I have added some new custom attributes to my FreeIPA and so far I was using the admin account to check them in the WebUI.
But today I accessed the WebUI using a regular user account and I was surprised to see that the new attributes are not visible. when I used "inspect elements" to view the page code I found the attribute's code as this:
<dev class="widget text-widget" name="bloodtype" style="display: none;">...</dev>
note that the attribute is still visible for the admin.
attribute schema:
dn: cn=schema
changetype: modify
add: attributeTypes
attributeTypes: ( 1.3.6.1.4.1.32473.1.1.591
NAME 'bloodtype'
DESC 'Employee Blood type'
SYNTAX 1.3.6.1.4.1.1466.115.121.1.15
SINGLE-VALUE
X-ORIGIN 'Oracle Unified Directory Server'
USAGE userApplications )
Object class:
objectclasses: ( 2.16.840.1.113730.3.8.61.11 NAME 'customPerson' SUP person STRUCTURAL MAY bloodtype X-ORIGIN ( 'Extending FreeIPA' 'user defined' ) )
python plugin:
from ipalib.plugins import user
from ipalib.parameters import Str
from ipalib import _
def validate(ugettext,value):
if value not in ['A','B','AB','O']:
return _("Blood type must be either A, B, AB or O.")

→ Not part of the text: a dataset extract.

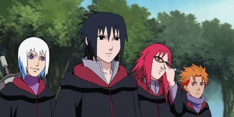 Caso você ainda não saiba, Sasuke é o membro mais novo do Time Taka. O esquadrão de quatro pessoas, originalmente denominado Time Hebi, foi criado por Sasuke com o objetivo de encontrar seu irmão mais velho, Itachi Uchiha, o responsável por assassinar todo o clã Uchiha, excluindo o próprio Sasuke.

user.user.takes_params = user.user.takes_params + (
Str('bloodtype?',validate,
cli_name='bloodtype',
label=_('Blood Type'),
),
)
user.user.default_attributes.append('bloodtype')
javascript plugin:
define([
'freeipa/phases',
'freeipa/user'],
function(phases, user_mod) {
// helper function
function get_item(array, attr, value) {
for (var i=0,l=array.length; i<l; i++) {
if (array[i][attr] === value) return array[i];
}
return null;
}
var plugin = {};
plugin.add_fields = function() {
var facet = get_item(user_mod.entity_spec.facets, '$type', 'details');
var section = get_item(facet.sections, 'name', 'identity');
section.fields.push({
$type:'radio',
options:[{label:'A',value:'A'},{label:'B',value:'B'},{label:'AB',value:'AB'},{label:'O',value:'O'}],
label:'Blood type',
name:'bloodtype'
});
return true;
};
phases.on('customization', plugin.add_fields);
return plugin;
});
What is the problem and how can I allow all users to view it?
Best Answer
you must add the new attribute to ACI.
You can modify ACI in cn=users,cn=accounts,dn=example,=dn=com directly
or you can add new attribute into 'managed_permissions' in the user class, for permission you want to allow to access them. You need to run ipa-ldap-updater --upgrade after that.
or you can create a new ACI permission and add it to existing privileges.